The Company has $6.9 million recorded as goodwill at September 30, 2025 and 2024. The Company evaluates the carrying value of its goodwill on an annual basis in the fourth quarter of each fiscal year or more frequently when indicators of impairment exist. An impairment of goodwill could occur if the carrying amount of a reporting unit exceeded the fair value of that reporting unit. The estimated fair value of a reporting unit is highly sensitive to changes in projections and assumptions; therefore, in some instances changes in these assumptions could potentially lead to impairment. We perform sensitivity analyses around our assumptions in order to assess the reasonableness of the assumptions and the results of our testing. Prior to the FC2 Business Sale, the Company's goodwill was assigned to the Research and Development reporting unit. Subsequent to the FC2 Business Sale, the Company has a single reporting unit.
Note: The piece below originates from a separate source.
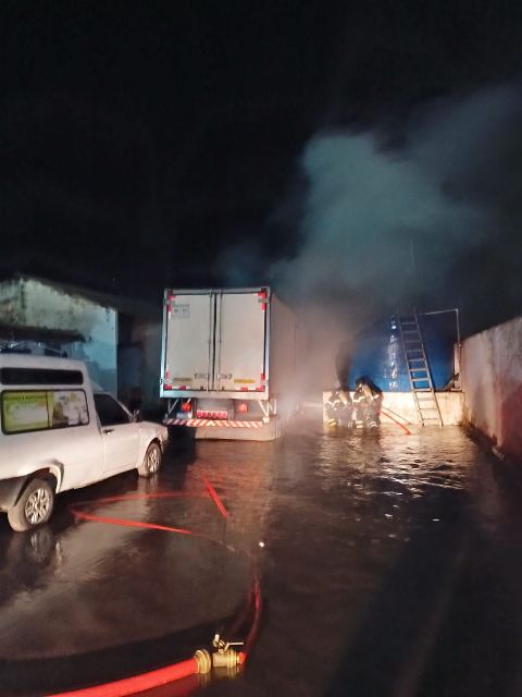 O incêndio consumiu completamente a cabine do veículo, além de atingir parte do compartimento de carga e materiais transportados. Estruturas próximas também sofreram danos em decorrência da ação do fogo e do calor.
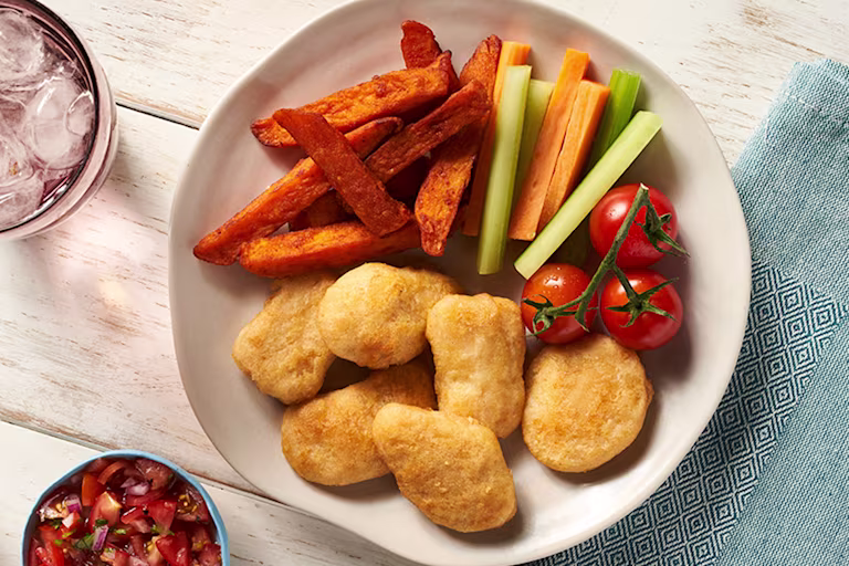Golden, crispy and delicious! Get back to school ready with Quorn Crispy Nuggets. Easy to cook from frozen and total crowd pleasers! Ideal as a quick mid-week family dinner, stuffed in a pitta or wrap for a quick lunch or served with a dip for an after-school snack. Quorn Nuggets are a source of protein & fibre and low in sat fat, so they’re a nutritiously easy swap into mealtimes!

Recent Accounting Pronouncements

See Note 1 to the financial statements included in this report for additional information on recently adopted accounting pronouncements and recently issued accounting pronouncements not yet adopted.

Impact of Inflation and Changing Prices

Although the Company cannot accurately determine the precise effect of inflation, the Company has experienced increased costs of product, supplies, salaries and benefits, and increased general and administrative expenses.